The user’s SQL statement needs to be optimized for the partition table. The column of the partition condition should be included in the SQL condition to locate the query to a small number of PARTITIONS, otherwise all PARTITIONS will be scanned. You can check which PARTITIONS a CERTAIN SQL statement will fall on by EXPLAIN PARTITIONS. In order to perform SQL optimization, as shown in the following figure, 5 records fall on two partitions:
The benefits of partitioning are:
- More data can be stored in a single table
- The data in partitioned tables is easier to maintain, and large amounts of data can be removed in batches by cleaning the entire partition, or new partitions can be added to support newly inserted data. In addition, a separate partition can be optimized, checked, repaired, and so on
- Partial queries can be determined from query criteria to fall on only a few partitions, which can be very fast
- Partitioned table data can also be distributed across different physical devices, making efficient use of multiple hardware devices
- You can use partitioned table latencies to avoid specific bottlenecks, such as mutually exclusive access for InnoDB single indexes and inode lock contention for ext3 file systems
- Individual partitions can be backed up and restored
Limitations and disadvantages of partitioning:
- A table can have a maximum of 1024 partitions
- If a partitioned field has columns with a primary key or unique index, all primary key and unique index columns must be included
- Partitioned tables cannot use foreign key constraints
- A NULL value invalidates partition filtering
- All partitions must use the same storage engine
Type of partition:
- RANGE partition: Allocates multiple rows to a partition based on column values belonging to a given contiguous interval
- LIST partitioning: Similar to partitioning by RANGE, except that LIST partitioning is selected based on column values matching a value from a discrete set of values
- HASH partition: A partition selected based on the return value of a user-defined expression computed using the column values of the rows to be inserted into the table. This function can contain any valid expression in MySQL that produces a non-negative integer value
- KEY partitioning: Similar to HASH partitioning, except that KEY partitioning supports only one or more columns and the MySQL server provides its own HASH function. One or more columns must contain integer values
Partitioning is suitable for the following scenarios:
The most suitable scene data has a strong time series, so it can be partitioned by time, as shown below:
Adding time range conditions to query is very efficient, and it is easy to delete unnecessary historical data in batches.

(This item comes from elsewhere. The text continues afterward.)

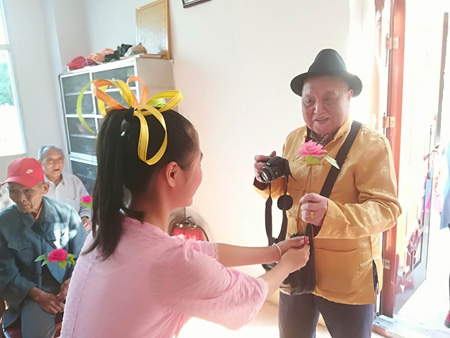 永安市第三实验小学的学生们还带来了自己制作的丝网花献给爷爷、奶奶,祝愿老人们健康长寿、万事如意。林业新村幼儿园的小朋友们为爷爷、奶奶送上来新鲜的水果,将它们送到老人家的手中,还送上了爱的抱抱。老人们都高兴得直夸孩子们都是好样的!
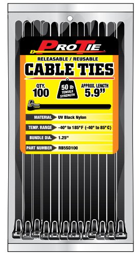 Pro Tie RB5SD100 5.9-Inch Releasable Standard Duty Cable Tie, UV Black Nylon, 100-Pack

If the data has an obvious hot spot and is rarely accessed, you can place the hot spot in a separate partition so that the data in that partition has a chance to be cached in memory and only a small partitioned table is accessed for query purposes, making efficient use of indexes and caching
In addition, MySQL has an early simple partition implementation – merge table, which is more limited and lacks optimization. It is not recommended to use the new partition mechanism instead
The vertical resolution
Vertical segmentation is based on the correlation of data tables in the database to split. For example, if a database has both user data and order data, vertical split can put user data into the user library and order data into the order library. Vertical split table is a method of vertical split of data tables. It is common to split a large multi-field table according to common and unusual fields. The number of data records in each table is generally the same, but the fields are different, and primary key association is used
For example, the original user table is:
The vertical split is:
The advantages of vertical splitting are:
- You can make rows smaller so that more data can be stored in one Block, resulting in fewer I/O times (fewer blocks read per query)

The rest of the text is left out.